Upstreaming patches from a vendor kernel is a constant process of trying to get on board a train, falling behind, and hopping back on again.

Typically, a vendor kernel is based on an older version of the kernel. As a result, one has to forward port a series of patches against the latest kernel mainline. This is seldom a pain free affair, since the patches may not apply without manual edits. For example, the kernel interfaces may have changed, patches merged into mainline could have conflicting changes, and so on. On top of all of this, you have the reality that this task will need to be performed a number of times while you track mainline.

Basics

I usually perform cherry-picking of each patch on top of the mainline branch from the vendor branch, which is usually based on some old stable point release. Let’s assume that there are tags pointing to the vendor and stable commits, this reports the number of patches on top of that stable release.

panto@dev:~/linux (master)$ git describe stable
v4.1.15

panto@dev:~/linux (master)$ git describe vendor
v4.1.15-926-gea8c225

In this case, the patches are against stable v4.1.15 and there are 926 patches
on top of it; the format of the describe label is <tag>-<#-of-patches>-g<commit>

Workflow

First we get our needed information on the master branch.

panto@dev:~/linux (master)$ git describe master
v4.8-rc8-13-g53061af

Our master is today’s mainline kernel (v4.8-rc8) with just 13 patches on top of it. The problem with cherry-picking and manual editing is that when you edit the patch the commit id changes since the contents of the patch changes. We need a way to have a list of patches to cherry-pick, iteratively apply them, and manually fix any problems.

panto@dev:~/linux (master)$ git checkout --track -b work master
Checking out files: 100% (33262/33262), done.
Branch work set up to track local branch master.
Switched to a new branch 'work'

panto@dev:~/linux (work)$ git log --reverse --oneline stable..vendor >patchlist.txt

We create file with a list of the commits we want to apply on the work branch.

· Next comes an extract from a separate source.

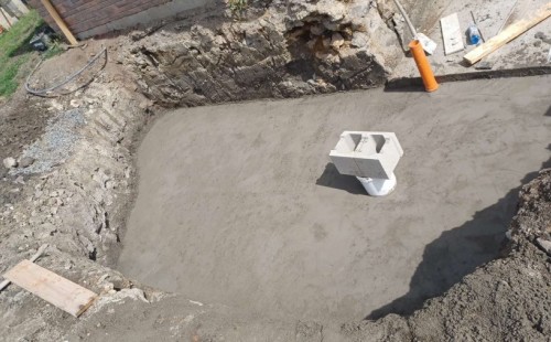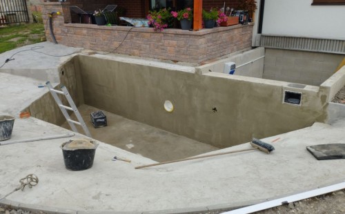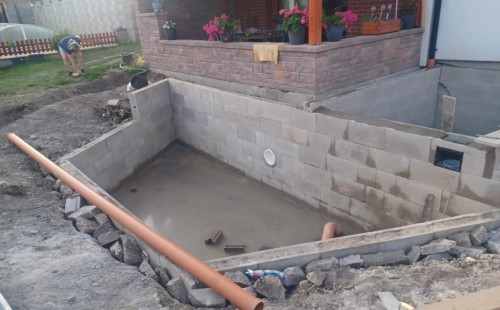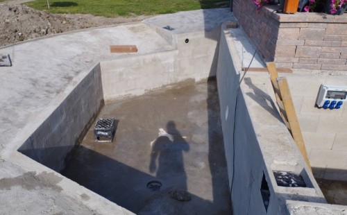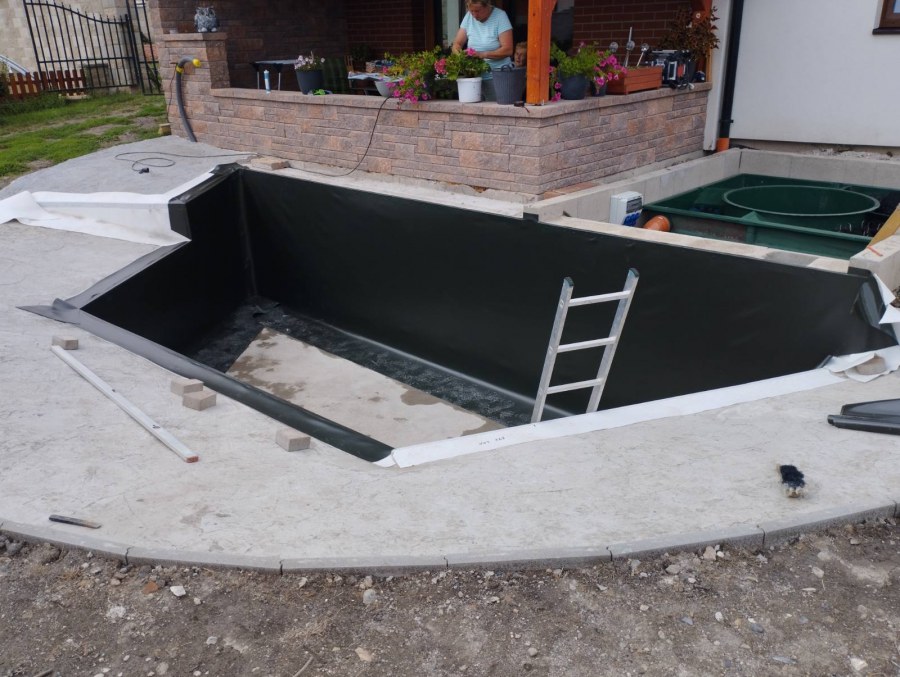 Stavba okrasného jezírka u terasy rodinného domu. Toto jezírko se majitel rozhodl stavit v průběhu sezóny, vzhledem k tomu, že byl připravený si stavební práce provést sám se jezírko mohlo dokončit ještě v létě, vlastně během několika týdnů). Po konzultaci s technikem si postavil hrubou stavbu ze ztraceného bednění, na dno zabetonoval spodní vpusť, gulu, do zdi k technické místnosti stěnový skimmer Oase ProfiSkim Wall 100 a bazénové světlo. Poté stěny, dno a pobřežní zónu pokryl betonovou stěrkou aby bylo vše hladké a nestalo se, že by případné nerovnosti vystupovali pod fólií. Po dokončení těchto prací mohli naši technici začít s pokládkou fólie. Nejprve položili geotextílii 500g, pak ne ostré hrany přivrtali speciální fóliové lišty a na ty následně navařili jezírkovou fólii Fatra Aquaplast 805/V olivově zelenou, tak aby kopírovala tvar jezírka. Po dokončení těchto prací se usadil biologicko-mechanický filtr Tripond Vortex Center C 115, na něj se napojila UV lampa TMC Pro Pond Titan 110W a čerpadlo, které žene vodu zpět do jezírka Oase AquaMax Gravity Eco 20000.

panto@dev:~/linux (work)$ cat patchlist.txt | head -n 2
ff24250 ppc: Make number of GPIO pins configurable
e4d443c pci/pciehp: Allow polling/irq mode to be decided on a per-port basis

This is the standard oneline format of git log (in reverse since we want the list to be in chronological order). If we were to do this manually, we’d have to do it like this:

panto@dev:~/linux (work)$ git cherry-pick ff24250

If the cherry-pick is successful, we can proceed with the next one and so on. Otherwise, we have to manually fix it and issue git cherry-pick –continue Why not automate this by picking out the commit from the list and work iteratively? We can’t simply use commit IDs because the commit ID changes after every edit. The following cherry-pick-list.sh script does the heavy lifting of picking out the commits for us. Given the patchlist file, it will git cherry-pick each commit in the list. However, it will skip the already applied commits which match the description. It does not consider commit IDs since those might have changed.

#!/bin/bash

# get top
top=`git log --oneline HEAD^..HEAD | head -n1`
ctop=`echo ${top} | cut -d' ' -f1`
dtop=`echo ${top} | cut -d' ' -f2-`
l="$ctop $dtop"
if [ "$l" != "$top" ] ; then
        echo "Reconstructed top failure"
        echo $top
        echo $l
        exit 5
fi

# get list of commits and descriptions
old_IFS=${IFS}
IFS=$'n'

j=0
for i in `grep -v '^#' $1`; do
        c[${j}]=`echo ${i} | cut -d' ' -f1`
        d[${j}]=`echo ${i} | cut -d' ' -f2-`
        l="${c[${j}]} ${d[${j}]}"
        if [ $l != $i ] ; then
                echo "Reconstructed changeset failure $i"
                exit 5
        fi
        ((j++))
done
last=$((j - 1))
IFS=${old_IFS}

# skip over patches that are applied (checking description only)
match=0
for i in `seq 0 $last`; do
        ct=${c[${i}]}
        dt=${d[${i}]}
        if [ "${dt}" == "${dtop}" ]; then
                echo "Match found at $i: $dt"
                match=$(($i + 1))
                break;
        fi
        # echo "$i: $ct $dt"
done

for i in `seq $match $last`; do
        ct=${c[${i}]}
        dt=${d[${i}]}
        echo "cherry-picking: $i: $ct $dt"
        git cherry-pick $ct
        if [ $? -ne 0 ] ; then
                exit 5;
        fi
done

It makes sense to work on a simplified example using the kernel’s README file.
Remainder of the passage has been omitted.